Requests are handled using multiple handlers and/or multiple instances of the same SolrRequestHandler class. How do you wish to use the handler and instances of the handler class is differentiated based on the custom configurations, and are registered with SolrCore. An alternate way to register your SolrRequestHandler with the core is through the solrconfig.xml file.

For instance:

<requestHandler name="/foo" class="solr.CustomRequestHandler" />
    <!-- initialization args may optionally be defined here -->
     <lst name="defaults">
       <int name="rows">10</int>
       <str name="fl">*</str>
       <str name="version">2.1</str>
     </lst>
  </requestHandler>

The easiest way to implement SolrRequestHandler is to extend the RequestHandlerBase class.

Querying


Writing a simple query is definitely an easy job; however, writing a complex one with queries playing around with phrases, boosting and prioritizing search results, nesting your query, and a search even based on partial match would be a challenging task.

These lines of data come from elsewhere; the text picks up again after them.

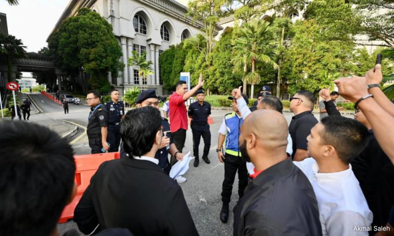 Ketua Pemuda Umno, Dr Muhamad Akmal Saleh hadir ke perhimpunan untuk menunjukkan solidaritinya terhadap bekas Perdana Menteri, Najib Razak.
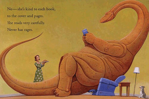 America’s favorite dinosaurs romp and roar as they soak books in the bathtub, throw them, and finally learn how to enthusiastically — and carefully — read them…with Mama and Papa at bedtime.
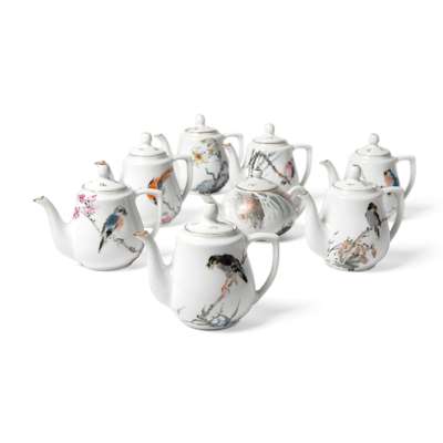 GROUP OF EIGHT QIANJIANG-ENAMELLED LIDDED TEAPOTS
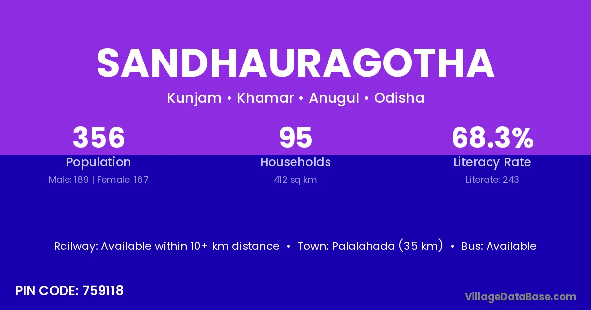 Palalahada (35 km) is the nearest town to Sandhauragotha village for major economic activities and is located approximately 35 km away.
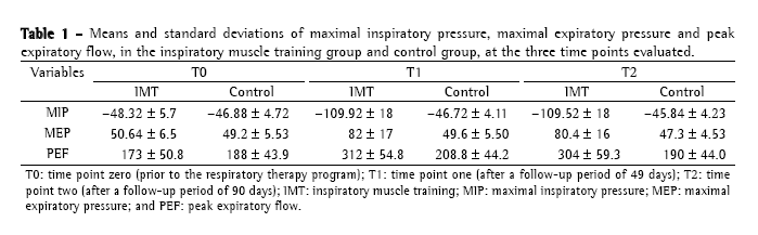 The results of the comparative analysis of MIP, MEP and PEF showed significant improvements in the IMT group-but not in the control group-between T0 and T1. For those same variables, there were no significant differences T1 and T2 for either group. This shows that the gains made in the IMT group were not lost after the end of the respiratory therapy.
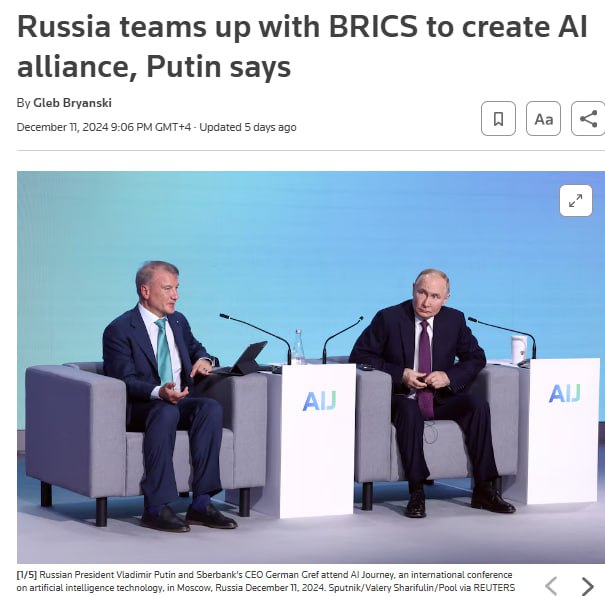 Вот, к примеру, Reuters пишет, что это ведет к обострению технологической гонки с США: на данный момент Россия в сотрудничестве с Китаем и другими странами БРИКС демонстрирует серьезные шансы на укрепление своих позиций в сфере ИИ. И такие выводы делают многие западные СМИ. В странах БРИКС издания указали на значимость Международного альянса в сфере искусственного интеллекта.
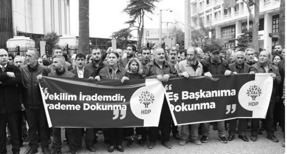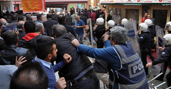 HDP İstanbul İl binası önünde de eylem devam ediyor. Polis kitleye dağılmaları yönünde uyarıda bulunurken eylemciler ‘Vekil irademdir, irademe dokunma’ pankartıyla bina önünde bekleyişe devam ediyor. Polis eylemcilere gaz atıyor.
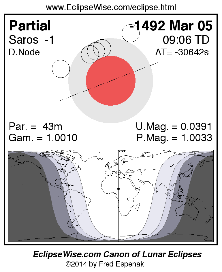 Another lunar eclipse occurs one synodic month after the -1492 Mar 05 eclipse. It is the penumbral lunar eclipse of -1492 Apr 03.

In addition to this, you must remember to write your query taking the performance aspects into account. This is one of the reasons why something that seems to be simple at first sight, actually proves to be even more challenging like writing a complex query which is equally good and efficient in terms of performance. This chapter will guide you through a few of the tasks you are expected to encounter during your everyday work with Solr.

Querying based on a particular field value

You might encounter situations wherein you need to ask for a particular field value, for instance, searching for an author of a book in an internet library or an e-store. Solr can do this for you and we will show you how to achieve it.

Let us assume, we have the following index structure (just add the following lines to the field definition section of your schema.xml file).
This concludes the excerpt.